I've already done this with CEGMA and the results are similar. A reviewer recommended we use BUSCO instead, but now am getting these very different results. Am tempted to ditch BUSCO and just stick with CEGMA.
I have given up on BUSCO v1.22 as it appears the Augustus step is not running correctly on our set-up for some reason.
Reverting to v1.1b1 gives more sensible results (70-80% complete) in genome mode, but the results in transcriptome mode are now different when compared to v1.22. Nothing in changelog suggests this should be the case.
There's something odd going with BUSCO and different versions, but I don't currently have time to dig anymore into this.
It's a long time ago and I'm facing a similar situation.
For transcriptome completeness assessment, the result between BUSCO v 2.0 and CEGMA could be
very different, i.e. BUSCO completness (C:55.1%[S:35.6%,D:19.5%],F:6.3%,M:38.6%,n:978) but cegma produces higher scores (74.19 completeness; 83.06 partial).
So I wonder how you deal with this in the end, you just stick only to CEGMA?
This is the command:
python3 BUSCO_v1.22.py -o output -in genome.fasta -l /db/busco/eukaryota -m genome
With these versions of the tools:
Is the transcriptome extracted from the genome using gene annotations? If not, it's possible that your transcriptome is just more complete/correct than the genome.
I have heard (second-hand, admittedly) of cases where transcripts map back to the genome >95%, but the genome completeness is low; see my below reply re: nematode. However, if one uses the transcripts to derive gene models (e.g. using MAKER), then uses BUSCO on the gene model sequence, the % completeness goes up.

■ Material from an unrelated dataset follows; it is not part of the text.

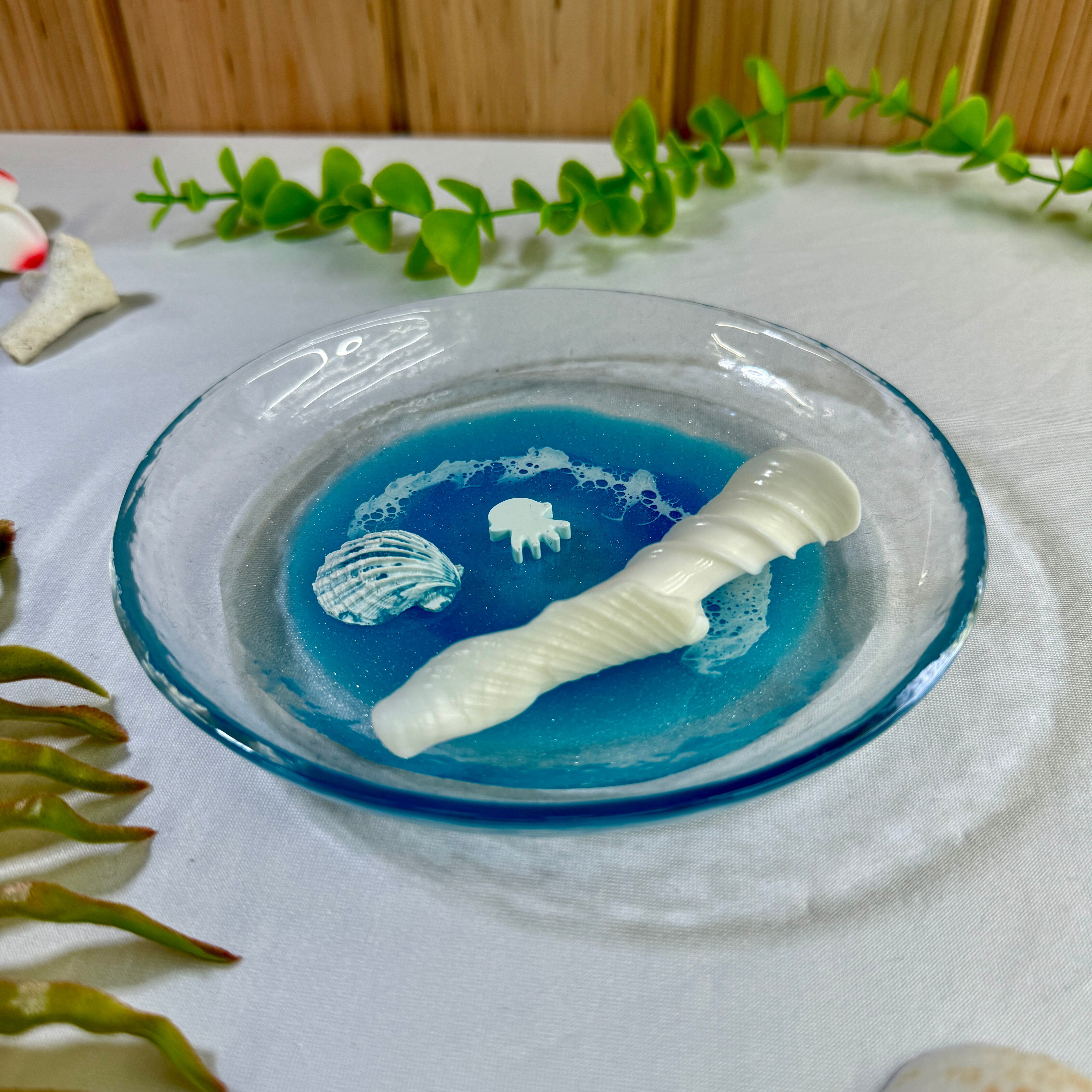 愛知から全国へお届けする、美しい海の輝きを閉じ込めた「海レジンアートガラスプレート」です。

Based on the BUSCO manual:
So, maybe Augustus has a hard time deriving accurate gene models de novo leading to poor BUSCO scores, but when assisted using transcriptome data BUSCO works more effectively?
Yeah, could well be.
I'm not convinced that BUSCO is doing the right thing here either, but working through the code is like walking through treacle...
Both are data derived from a curated species, Dictyostelium discoideum, so should be pretty reliable and similar.